__Your assignment__
Find "Pamuklu, uzun kollu, krem" below and begin at its line; stop after the line with "Industribygningen, der fungerer". Output those lines exactly, without pictures.
============
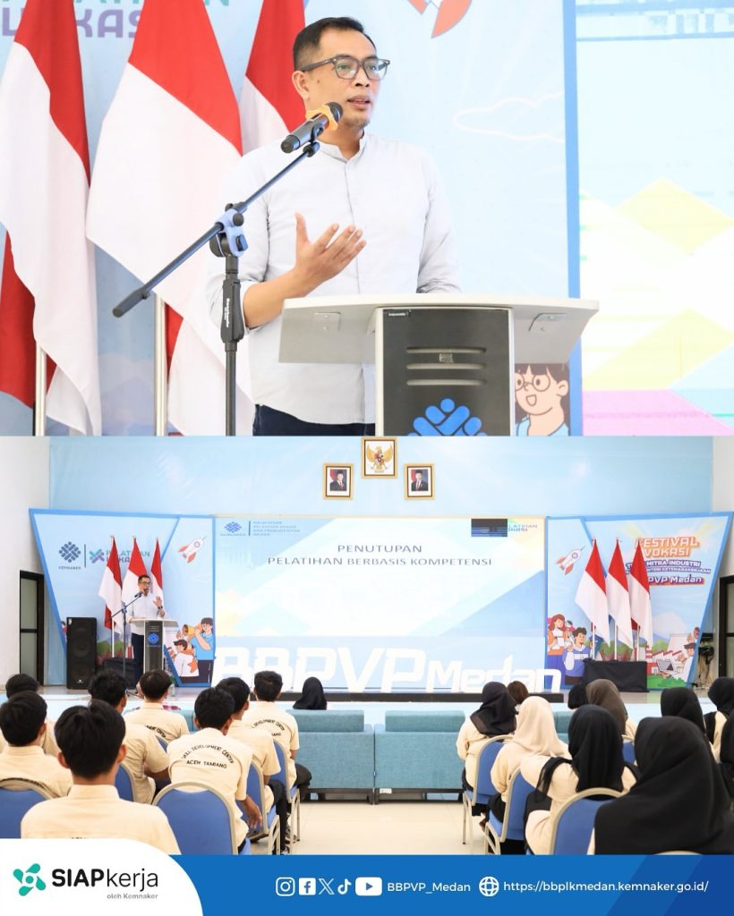 Balai Besar Pelatihan Vokasi dan Produktivitas (BBPVP) Medan melaksanakan Penutupan Program Pelatihan Berbasis Kompetensi (PBK) Barista, hasil kerja sama dengan Dinas Tenaga Kerja Kabupaten Aceh Tamiang, yang berlangsung di Gedung Serbaguna BBPVP Medan.
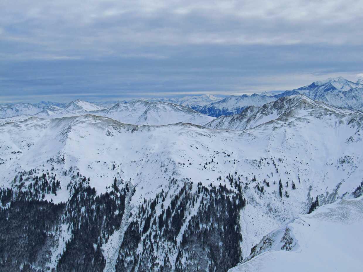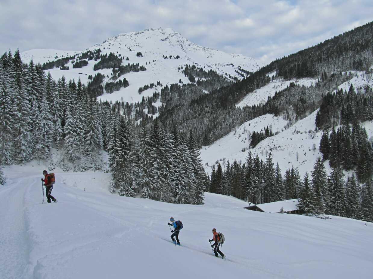 Von Lengau (1150) über die Saalhofalm zum Schusterkogel (2207); Abfahrt über die Untere Zehetner Alm und durch den Vogelalmgraben heraus.
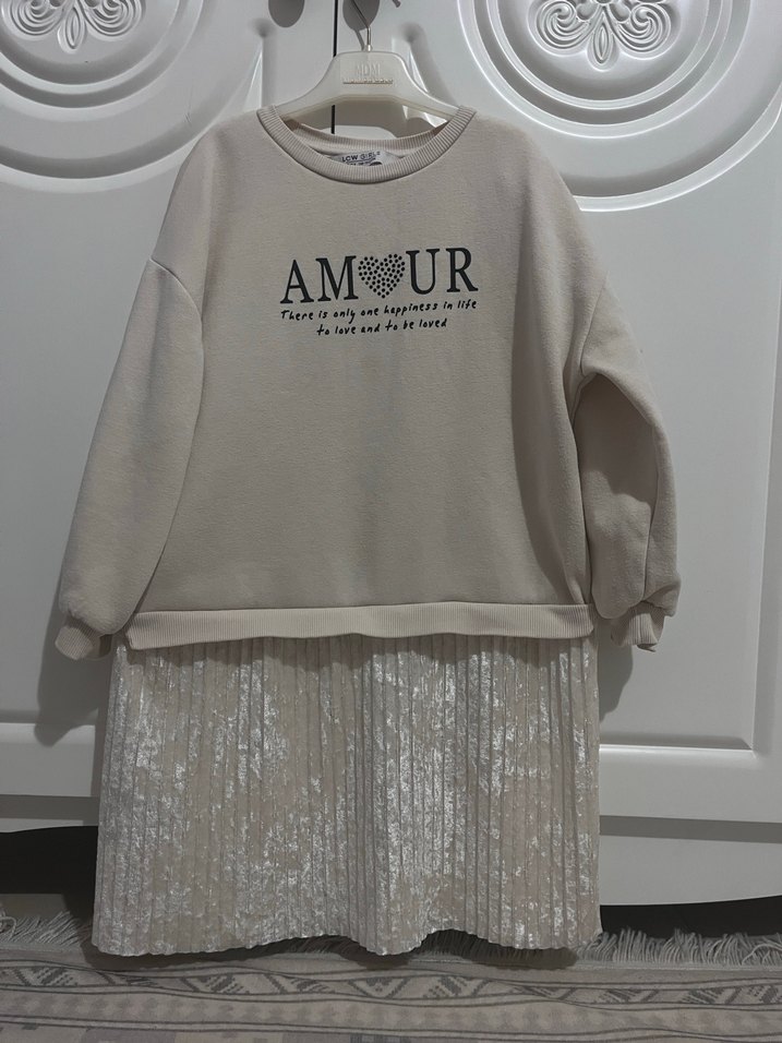 Pamuklu, uzun kollu, krem renk kız çocuk sweatshirtlü elbise. Üzerinde "AMOUR" baskısı ve pileli detaylar bulunur. Rahat ve şık bir günlük stil sunar. 6-7 yaş
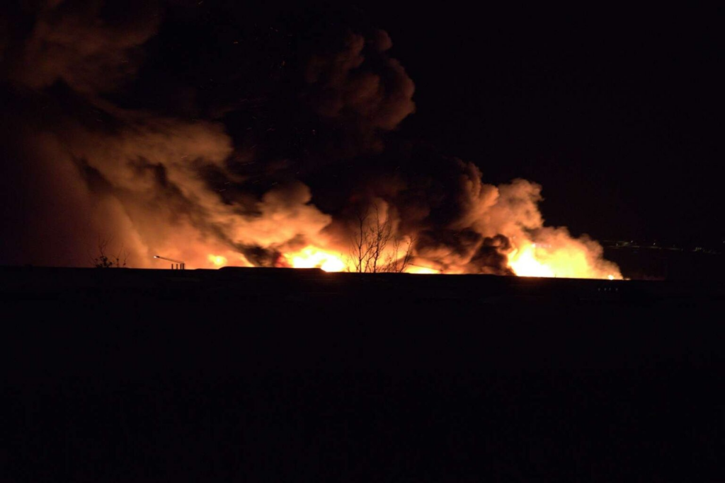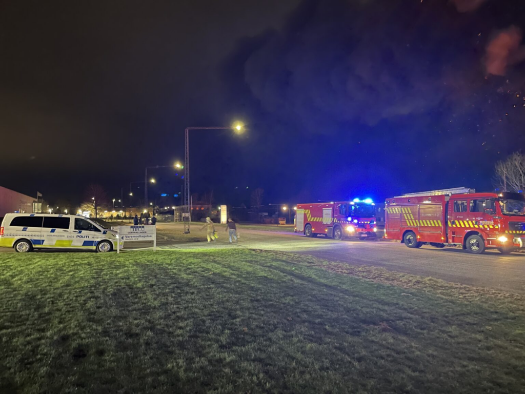 Industribygningen, der fungerer som lager for en række virksomheder, ligger på Jens Olsens Vej. Politiet anslår lageret til at være 5000 kvadratmeter stort.
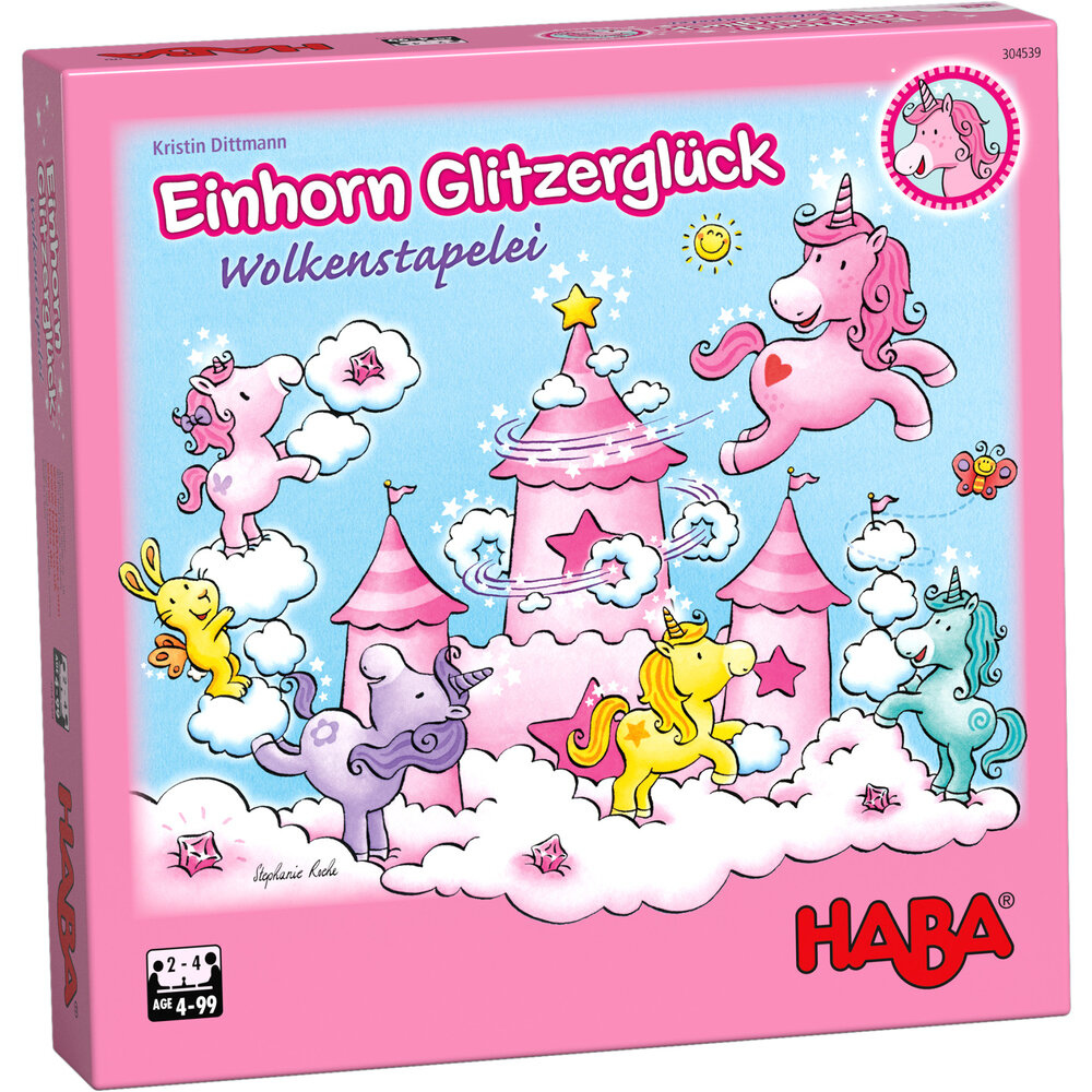 4 единорога: Glitterluck (ярко-розовый), Звездная пыль (желтый), Чудо цветок (фиолетовый), и Магический вихрь (бирюзовый), 1 малыш-единорог Розали (розовый), 1 облачный замок, 5 больших белых облаков, и 5 небольших голубых облаков, 1 кубик, 1 облачные игровое поле, 16 двухсторонний облаков- плитка, 10 облачных кристаллов 🌈Как играть: Поле размещаем по середине, вокруг раскладываем 16 тайлов-облаков светлой стороной вверх. Все остальные компоненты хранятся рядом
============
__Written solution__
 Pamuklu, uzun kollu, krem renk kız çocuk sweatshirtlü elbise. Üzerinde "AMOUR" baskısı ve pileli detaylar bulunur. Rahat ve şık bir günlük stil sunar. 6-7 yaş
 Industribygningen, der fungerer som lager for en række virksomheder, ligger på Jens Olsens Vej. Politiet anslår lageret til at være 5000 kvadratmeter stort.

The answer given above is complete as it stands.